#### About this task
Range to reproduce from the entries below: the line with "- štýlový držiak", the line with "DK(6帖)、洋室(6帖)、和室(6帖) | ||", and every line in between. Give them exactly and give nothing else.

#### Information given
####
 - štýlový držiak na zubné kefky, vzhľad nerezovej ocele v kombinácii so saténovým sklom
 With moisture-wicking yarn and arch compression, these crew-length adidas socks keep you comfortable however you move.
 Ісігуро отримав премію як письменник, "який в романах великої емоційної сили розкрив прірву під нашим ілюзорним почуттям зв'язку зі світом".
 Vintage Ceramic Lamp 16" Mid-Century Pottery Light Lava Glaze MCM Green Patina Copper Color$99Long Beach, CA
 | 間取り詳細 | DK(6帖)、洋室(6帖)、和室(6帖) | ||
####
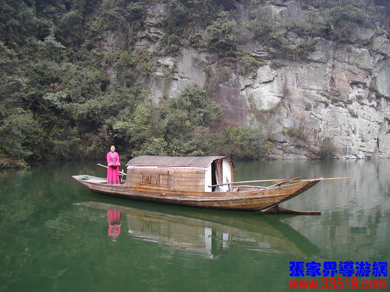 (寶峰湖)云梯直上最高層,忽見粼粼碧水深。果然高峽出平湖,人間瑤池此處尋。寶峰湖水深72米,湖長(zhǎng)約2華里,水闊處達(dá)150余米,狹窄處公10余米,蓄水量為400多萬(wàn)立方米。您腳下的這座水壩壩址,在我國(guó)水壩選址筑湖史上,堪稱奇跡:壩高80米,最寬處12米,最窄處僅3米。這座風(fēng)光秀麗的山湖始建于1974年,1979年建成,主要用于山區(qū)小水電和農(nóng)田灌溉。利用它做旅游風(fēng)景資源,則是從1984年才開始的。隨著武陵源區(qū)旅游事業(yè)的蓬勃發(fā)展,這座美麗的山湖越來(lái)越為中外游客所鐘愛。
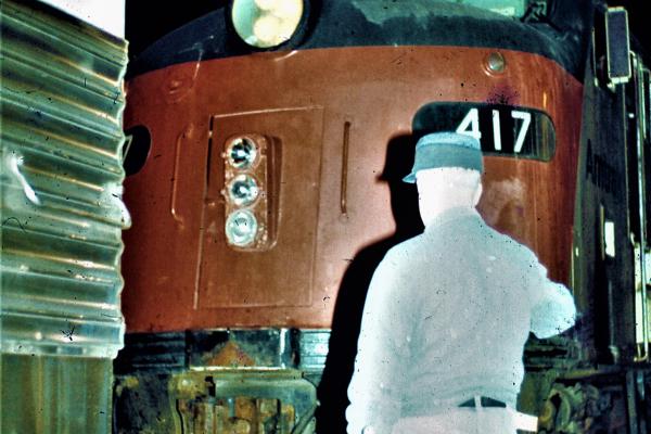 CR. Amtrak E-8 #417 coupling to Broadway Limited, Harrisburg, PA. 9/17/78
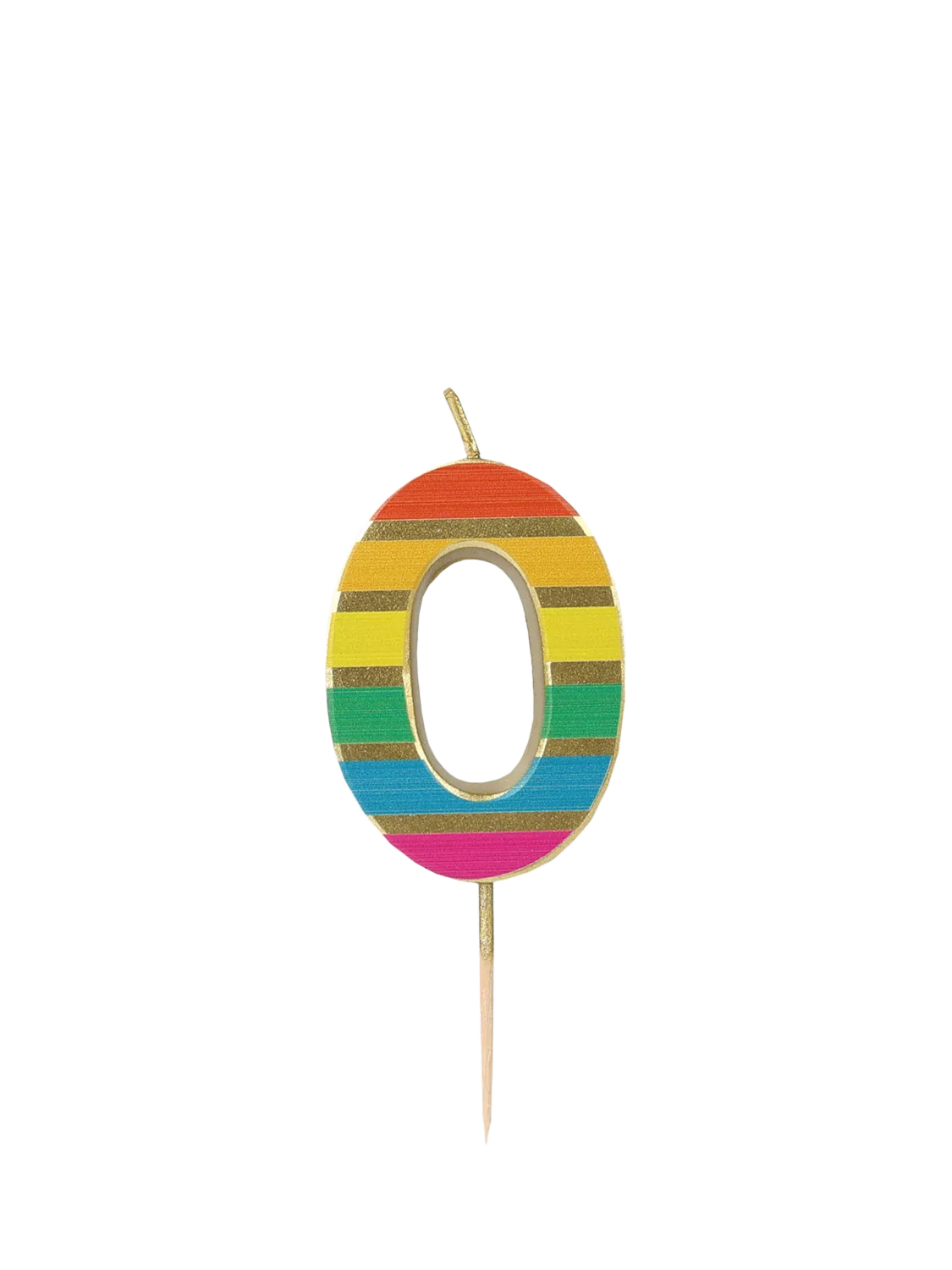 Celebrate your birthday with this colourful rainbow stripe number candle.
####
#### Exercise response
 - štýlový držiak na zubné kefky, vzhľad nerezovej ocele v kombinácii so saténovým sklom
 With moisture-wicking yarn and arch compression, these crew-length adidas socks keep you comfortable however you move.
 Ісігуро отримав премію як письменник, "який в романах великої емоційної сили розкрив прірву під нашим ілюзорним почуттям зв'язку зі світом".
 Vintage Ceramic Lamp 16" Mid-Century Pottery Light Lava Glaze MCM Green Patina Copper Color$99Long Beach, CA
 | 間取り詳細 | DK(6帖)、洋室(6帖)、和室(6帖) | ||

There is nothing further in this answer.